Commonly Asked Interview Questions on Dynamic Programming
Dynamic Programming (DP) is a method used to solve problems by breaking them down into simpler subproblems and solving each subproblem just once, storing the solutions for future reference. It is particularly useful in problems with overlapping subproblems and optimal substructure. A solid grasp of DP and its applications is crucial for solving many algorithmic problems efficiently.
Top Coding Problems on Dynamic Programming
Easy Problems
- Nth Catalan Number
- Minimum Operations
- Minimum steps to delete using palindrome substrings
- Minimum number of Coins
- Maximum Product Cutting
- Ways to Cover a Distance
- Minimum number of deletions and insertions to transform
- Minimum sum subsequence with one of every four
Medium Problems
- Subset Sum Problem
- Longest Common Subsequence
- Longest Increasing Subsequence
- Edit Distance
- Longest Path In Matrix
- Optimal Strategy for a Game
- 0-1 Knapsack Problem
- Shortest Common Supersequence
- Partition problem
- Rod Cutting
- Coin change problem
- Word Break Problem
- Dice Throw Problem
- Box Stacking
- Egg Dropping Puzzle
- Max length chain
- Longest Common Substring
- Interleaved strings
- Maximum sum increasing subsequence
- Minimum number of jumps
- Count subsequences of type a^i, b^j, c^k
- Get Minimum Squares
- Nth Fibonacci Number
- Longest Palindromic Substring
- Total Decoding Messages
- Unique BST’s
- Player with max score
- Form a palindrome
- Word Wrap Problem
- Count Palindromic Subsequences
- Minimum time to finish tasks without skipping two consecutive
Hard Problems
- Minimum Partition
- Boolean Parenthesization Problem
- Matrix Chain Multiplication
- Longest Zig-Zag Sub Sequence
- Maximum Profit
- Maximum Path Sum in Matrix
- The painter’s partition problem
- Palindrome Partitioning
- Array Partition
- Maximum difference of zeros and ones in binary string
- Count digit groupings of a number
Top Theoretical Interiew Question on Dynamic Programming
1. What is Dynamic Programming?
Dynamic Programming is a technique used to solve problems by dividing them into smaller subproblems and storing the results of these subproblems to avoid redundant computations. It is commonly used for optimization and counting problems.
2. When should Dynamic Programming be used?
Dynamic Programming is used when:
- A problem has overlapping subproblems, meaning the same subproblem is solved multiple times.
- The problem has an optimal substructure, meaning the optimal solution can be constructed from optimal solutions of subproblems.
3. What do you understand by overlapping subproblems in DP?
Overlapping subproblems means that the same subproblems are solved multiple times in the process of solving the main problem. DP optimizes this by solving each subproblem only once and storing its result for future reference.
4. What are Memoization and Tabulation?
- Memoization is a top-down approach where recursive calls are made, and results are cached to avoid redundant calculations.
- Tabulation is a bottom-up approach where all subproblems are solved iteratively and stored in a table.
5. What is the importance of memoization in Dynamic Programming?
Memoization improves the efficiency of recursive solutions by storing the results of subproblems so that they don’t need to be recalculated. It reduces the time complexity from exponential to polynomial by avoiding redundant calculations.
6. What are the time and space complexities of DP?
- Time Complexity: The time complexity depends on the number of subproblems and how often they are solved. In general, it’s proportional to the size of the problem, for example, suppose there are n subproblems and each takes O(1) to solve, then total complexity is O(n).
- Space Complexity: Space complexity depends on how many subproblems need to be stored.
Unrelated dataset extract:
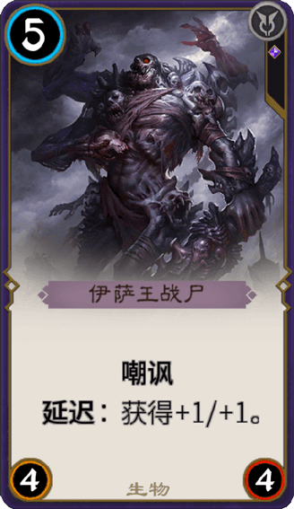 伊薩王戰(zhàn)尸是由伊薩王利用黑暗法術(shù)創(chuàng)造的怪物,它們的軀體由玻璃和魔法所控制,沒有思維,僅有冷酷的殺戮本能。至今沒有人能夠真正找到擊敗它們的方法。這張卡片是《秘境對決》中的一張黑色生物卡。

In some cases, DP solutions require O(n) or O(n^2) space.
7. What is the difference between bottom-up and top-down DP approaches?
- Top-down (Memoization): Starts from the main problem and recursively solves subproblems, caching results as they are computed.
- Bottom-up (Tabulation): Starts from the smallest subproblems and builds up to the main problem iteratively, storing results in a table.
8. What is a DP table, and how do you decide its dimensions for a problem?
A DP table is an array (1D, 2D, or multi-dimensional) used to store the results of subproblems. The dimensions depend on the problem's variables and the states of the subproblems. For example, for a problem involving two sequences, a 2D table is often used.
9. What is the difference between 1d DP and 2d DP
- In 1D DP, the state of the problem is represented using a single array (1-dimensional table). It is typically used when the problem can be broken down into a single variable (e.g., the number of steps, index of a sequence).
- In 2D DP, the state of the problem is represented using a two-dimensional table (array). It is used when the problem involves two parameters or variables that influence the subproblem, such as sequences, matrices, or grids.
10. What are the main advantages of using DP over brute force methods?
- Efficiency: DP avoids redundant calculations by storing intermediate results, making it more efficient than brute force.
- Optimized Time Complexity: DP typically reduces the time complexity from exponential to polynomial.